### What you have to do
Retype the opening lines of the data exactly, stopping after the line that contains "罗筠筠教授则是从体验的角度,指出对于艺术". Skip every picture.

### Data block
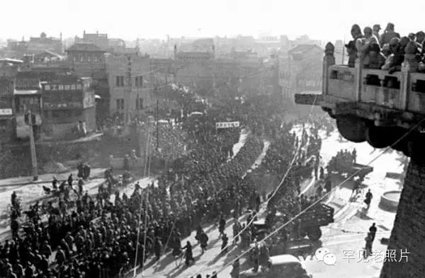 1948年,遼沈戰役,長春市民、學生歡迎國軍進駐長春。
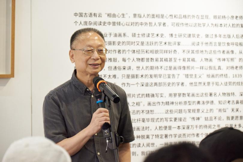 罗筠筠教授则是从体验的角度,指出对于艺术的“深刻”感知,必须要“真实地在场”。她认为,现场观展和手机看图,所得体验不啻云泥之别,扁平的图片不可能还原现场身临其境的震撼。罗教授说,顾恺之说画作要“以形写神”,而杨小彦教授的画则是“以神写形”。因为杨教授的学人肖像画,是基于自身对于这些学人思想的深刻理解,所产出的属于他自己的具象“思想”,顾盼之间,尽是神采。
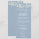 Une élégante carte de remerciement de réception de mariage bleu poussiéreux avec de jolies guirlandes lumineuses. Personnalisée avec votre message de remerciement spécial dans une typographie élégante. Un souvenir spécial de remerciement pour vos invités. Conçue par Thisisnotme
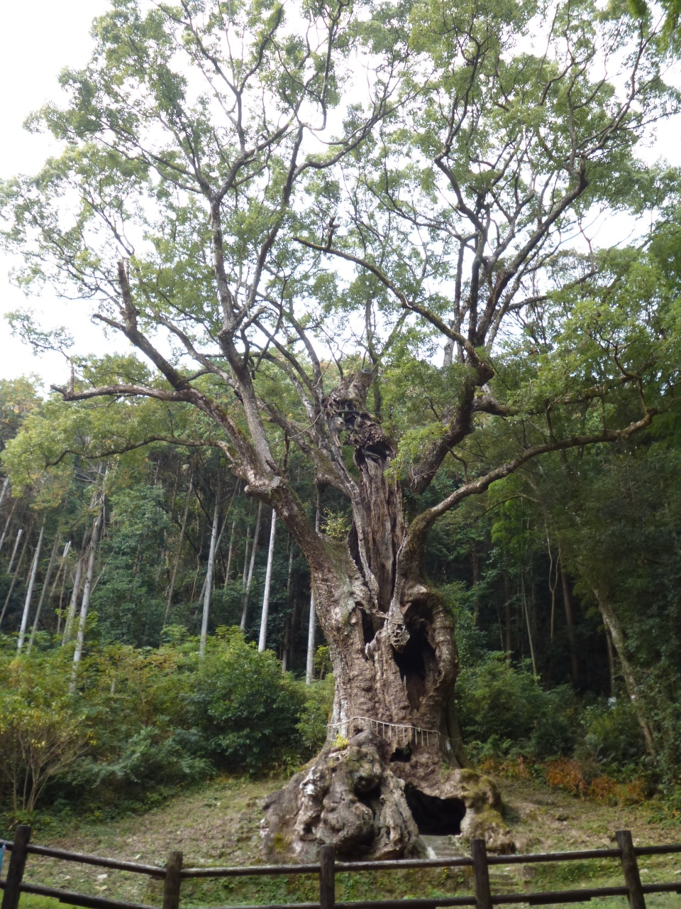 武雄神社の境内を通り過ぎ、竹林を歩いていくとその先に大楠が見えてきます。この辺りは、神の隠れ住まう山「神奈備」の神域になっているそうです。大楠の周囲には柵がめぐらさられていて、直接触ることはできませんが、気を守るためには仕方がないと思いました。

### Exercise result
 1948年,遼沈戰役,長春市民、學生歡迎國軍進駐長春。
 罗筠筠教授则是从体验的角度,指出对于艺术的“深刻”感知,必须要“真实地在场”。她认为,现场观展和手机看图,所得体验不啻云泥之别,扁平的图片不可能还原现场身临其境的震撼。罗教授说,顾恺之说画作要“以形写神”,而杨小彦教授的画则是“以神写形”。因为杨教授的学人肖像画,是基于自身对于这些学人思想的深刻理解,所产出的属于他自己的具象“思想”,顾盼之间,尽是神采。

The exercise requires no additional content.